Take This Job and SLIDE it! said...

You are completely correct, Ms. Minivan. Better him getting his 15 minutes than some other guy who goes and shoots his coworkers. I also think the reason it struck the nerve it did has to be due to the state of minds of the workers (and unemployed) in the states these days. Either you're out of work, you're getting fired or your getting famous for something like this. With the economy being as it is nowadays, it was just a matter of time before something like this popped up.

Take This Job and SLIDE it! said...

And I also apologize for my previous comments to you over an hour ago, they were unwarranted and pretty rude. I should have thought before I jumped down the slide of Internet anger... :) My apologies. :)

JerseyGirl89 said...

To the commenter that said "Why bother?" -- CUZ YOU ARE GETTING PAID. Plenty of people out of a job right now. Plenty of people frustrated. Plenty of people deal with crap from one person or another daily in their jobs (and everyone's customers are demanding more while wanting to pay less). You don't like the job you have, then simply quit and let someone else do it. Otherwise, you need to deal. I'm not saying being a flight attendant is easy. The airlines changing rules and nickel and diming are just pissing people off. But let's be clear: while entertaining, Slater's display is not heroic -- it is idiotic.

Keep it up MinivanGal! Good to have you back!

Anonymous said...

Did you remember to say please? My boyfriend forgets to add please to his requests in restaurants all the time. It always comes across as being a bit rude and demanding (at least in my opinion anyway). Sounds like she was just having a bad day though, or her feet were hurting, happens to us all!

gopman said...

Minivan Gal, you are wrong when you say Steven Slater is only garnering sympathy for getting angry, and not for his exemplary work for JetBlue. People respond to him because of the COMBINATION of the two.

If he'd been a crappy or even middling/average employee who flipped his lid, he would have been unanimously ripped to shreds across all forms of media. But because he was a stellar employee who justifiably felt he was being abused, that resonated with many people who support him.

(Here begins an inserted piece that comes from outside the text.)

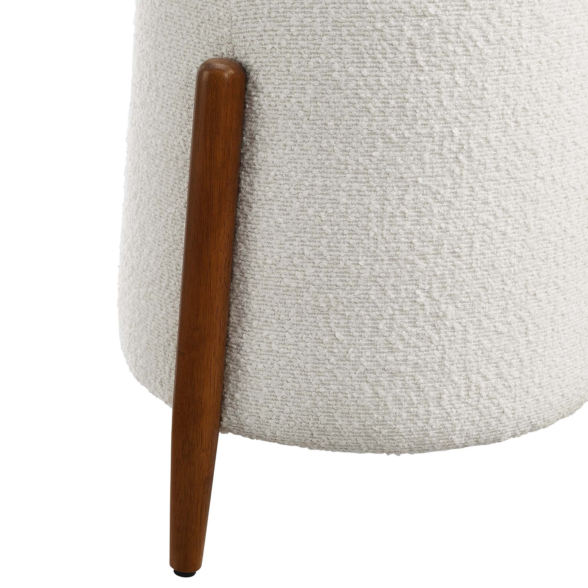 Use:Immerse your living space in the sophisticated comfort of the Riven Ottoman. Upholstered in textured boucle fabric, this foam-padded, round ottoman stool radiates an air of elegance with a hint of modern panache. With its gentle curves and soft silhouette, this foot pouf ottoman stands on three tapered wood legs, elegantly affixed to the exterior of the footrest, providing a stable foundation while enhancing the piece?s overall shape with their sleek, splayed design. Whether it's accompanying your favorite armchair as a charming ottoman side table, used as an elegant vanity stool, or acting as a decorative ottoman in your living room, Riven's petite stature is designed to fit into any decor, offering a multifunctional ottoman for everyday needs. Celebrate the seamless blend of texture and form with this exquisite boucle ottoman, bound to become a cherished addition to your home furniture collection. Assembly Required. Weight Capacity: 264 lbs.

And I suspect your waitress was no Steven Slater. I doubt she was a stellar employee who felt unfairly pushed to the edge. She sounds like she would have behaved exactly the same way whether Steven Slater had been plastered all over the media or not.

Anonymous said...

Ms Minivan: Pregnancy is not only NOT a handicap, it IS a choice. You choose to be pregnant, travel while pregnant, and bring along a bag you can't lift, WHY should someone else help you? And once you have the brat, you'll be expecting others to carry your stroller up the stairs. You're right, women were having babies in rice paddies centuries ago--the difference between them & you is they didn't have the sense of entitlement you have. Grow up, or quit breeding!

JerseyGirl89 said...

Dude, I don't think wanting people to be civil and courteous is entitlement. For example, being old isn't a handicap -- would you sit there with your head phones on and watch an elderly person struggle to put their bag up? Why does everyone have to be so angry all the time? Do something unexpectedly nice for someone else for once!

minivan gal said...

All you haters out there....

You need to GRAB TWO BEERS and GET LAID!

I never said pregnancy was a handicap or suggested that is was...but I am starting to think that a lack of civility is!